Research indicates that tailoring patient education materials to patients’ health literacy levels can significantly enhance compliance and optimize health outcomes [
23]. A scoping review of visual aids in health literacy reported that materials intended for individuals with low literacy levels significantly improved health literacy outcomes, including medication adherence and comprehension [
24].
While some chatbots, such as ChatGPT-4 and Chatsonic, produce detailed and complex responses, others, including Perplexity, generate shorter and simpler answers. These differences in response length and complexity highlight the varying capabilities of LLM-Chatbots in addressing keratoconus-related FAQs. This information is crucially important for selecting an appropriate chatbot for specific informational needs, particularly in medical and educational contexts in which the depth and clarity of information are paramount.
The adaptability of chatbots to user requests is significant for their potential application in ophthalmology.

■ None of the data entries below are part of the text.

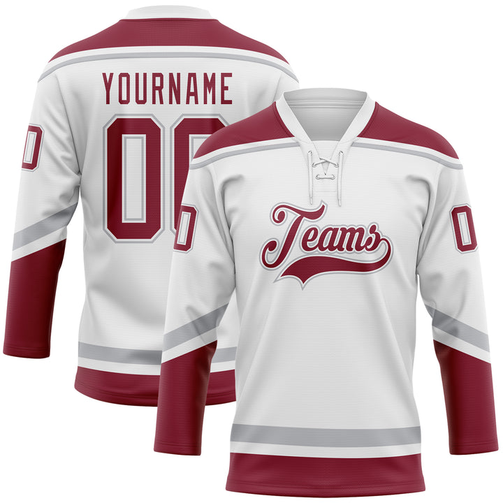 Custom White Crimson-Gray Hockey Lace Neck Jersey
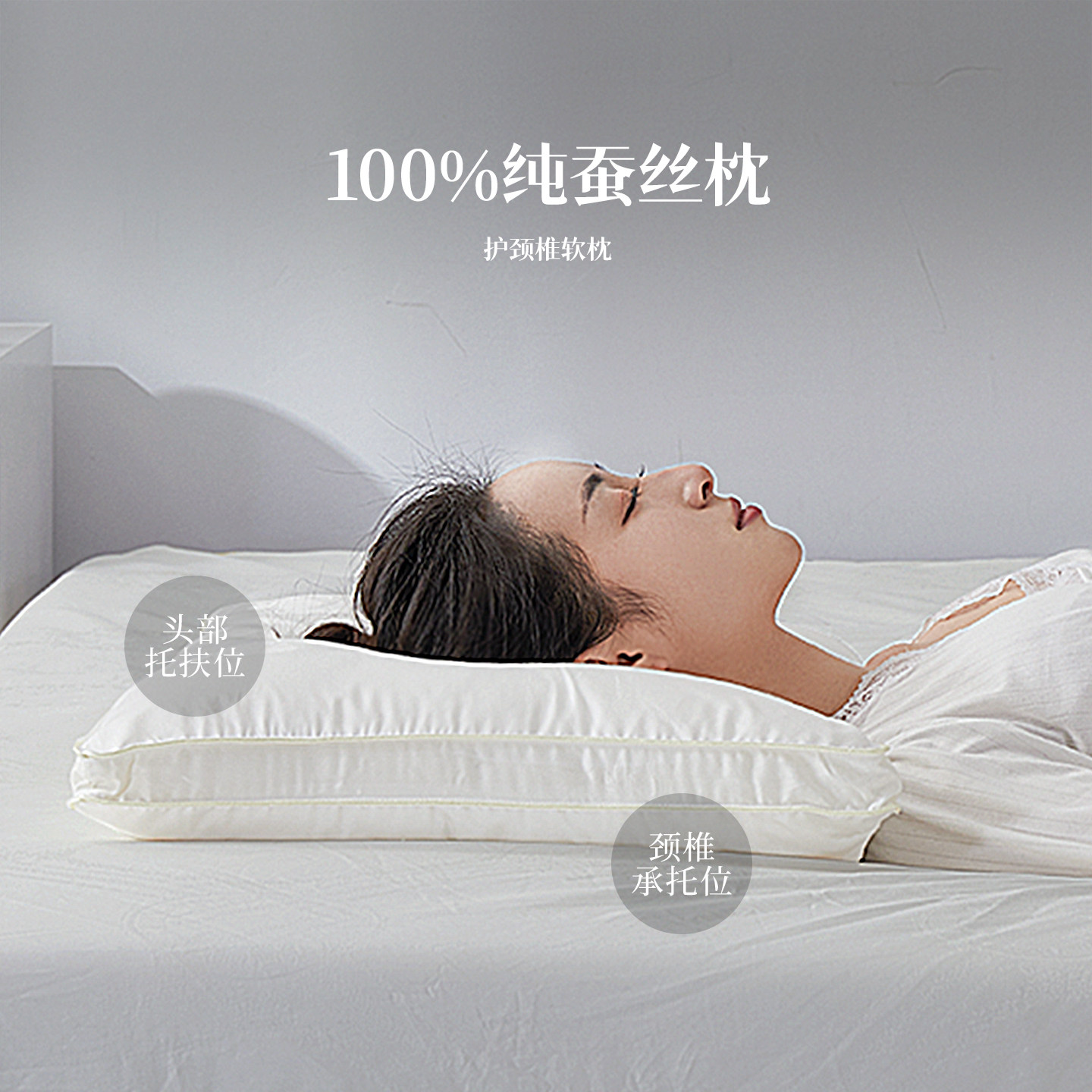 📚 邵氏 100纯蚕丝枕头 无压枕深睡枕芯低枕床品软枕家用好睡眠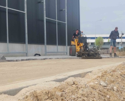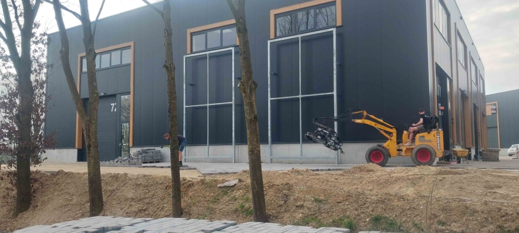 Voor een bedrijfspand hebben wij recent de bestrating aan de zijkant van het gebouw aangelegd. Dit project bestond uit het voorbereiden van de ondergrond, het aanbrengen van een stabiele fundering en het strak leggen van de bestrating. Het resultaat is een nette, duurzame en onderhoudsvriendelijke verharding die perfect aansluit bij de uitstraling van het pand.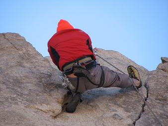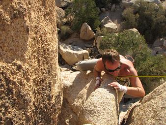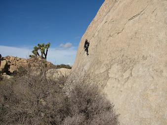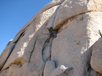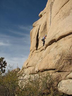 We left and went to J-Tree. Here's Jodie leading Pinch Rib 5.10a.

Despite challenging reading levels, providing patient education materials remains highly beneficial. This study demonstrates the usefulness of chatbots in providing keratoconus-related information for patients. Ophthalmologists report a loss of efficiency due to excessive time spent on non-clinical tasks. Chatbots can help alleviate this burden. A semi-supervised model, in which the ophthalmologist reviews AI-generated responses, represents the future of AI and can be highly beneficial tool for ophthalmologists.
While this study provides insights into the differences in responses from six LLMs to common keratoconus-related questions, a number of limitations must also be considered. In particular, the questions were sourced from Google, and the manner in which patients interpret these responses was not investigated. When ophthalmologists provide information regarding keratoconus and advice on using AI tools such LLMs, it is essential that the patient’s health literacy level be taken into account.